* WHAT IS BEING ASKED *
Take the listing below and write it out again exactly, skipping any picture that it holds.

* INPUT DATA *
******
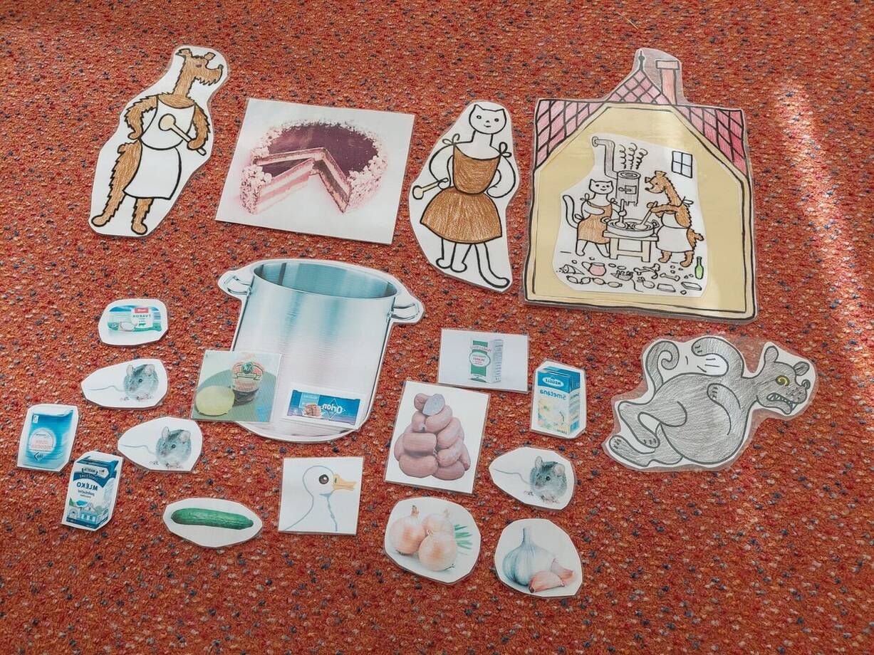 Navštívili jsme divadelní představení O pejskovi a kočičce, které se nám moc líbilo, a tak jsme si i ve škole zahráli pohádku o tom, jak si pejsek s kočičkou pekli dort. A veselou kočičku a pejska jsme si společně vyrobili.
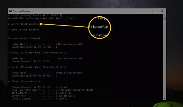 Windows’da, cihazınızın IP adresini ipconfig komutunu kullanarak Komut İstemi aracılığıyla bulabilirsiniz.
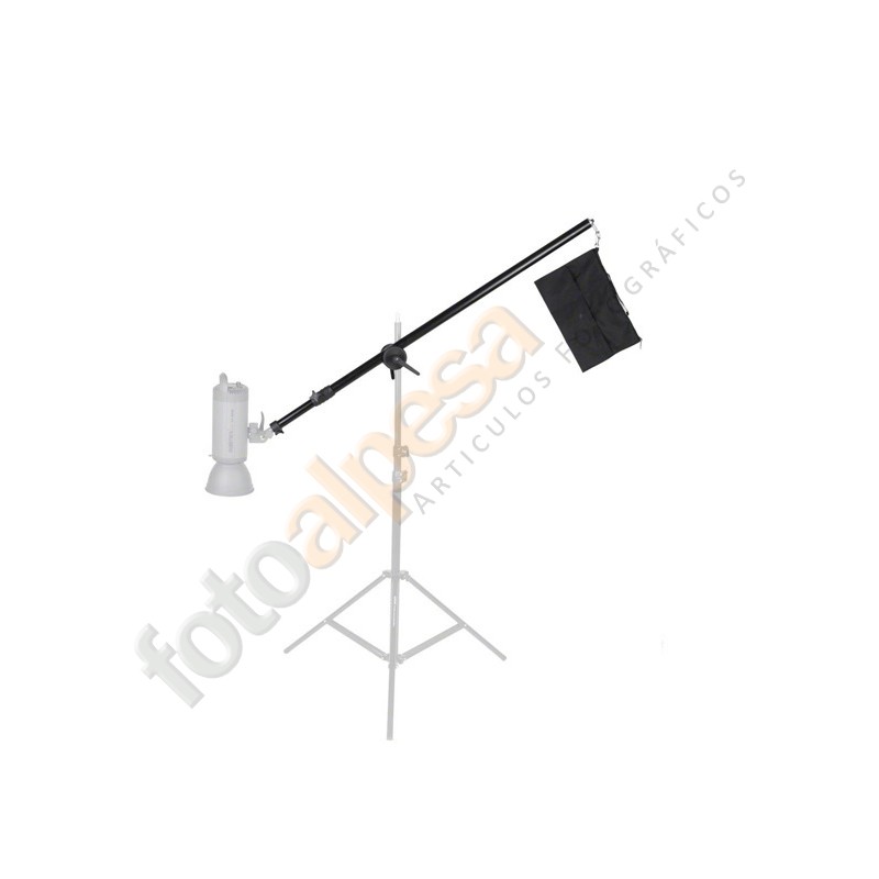 La Jirafa de estudio a diferencia de los soportes verticales convencionales, ofrecen un brazo adicional basculante y telescópico, ofreciendo al usuario puntos o ángulos de iluminación que no podría conseguir con un soporte fijo. La Jirafa de estudio es adecuada para aportar luz cenital o iluminar fondos.
******
* RESPONSE AREA *
 Navštívili jsme divadelní představení O pejskovi a kočičce, které se nám moc líbilo, a tak jsme si i ve škole zahráli pohádku o tom, jak si pejsek s kočičkou pekli dort. A veselou kočičku a pejska jsme si společně vyrobili.
 Windows’da, cihazınızın IP adresini ipconfig komutunu kullanarak Komut İstemi aracılığıyla bulabilirsiniz.
 La Jirafa de estudio a diferencia de los soportes verticales convencionales, ofrecen un brazo adicional basculante y telescópico, ofreciendo al usuario puntos o ángulos de iluminación que no podría conseguir con un soporte fijo. La Jirafa de estudio es adecuada para aportar luz cenital o iluminar fondos.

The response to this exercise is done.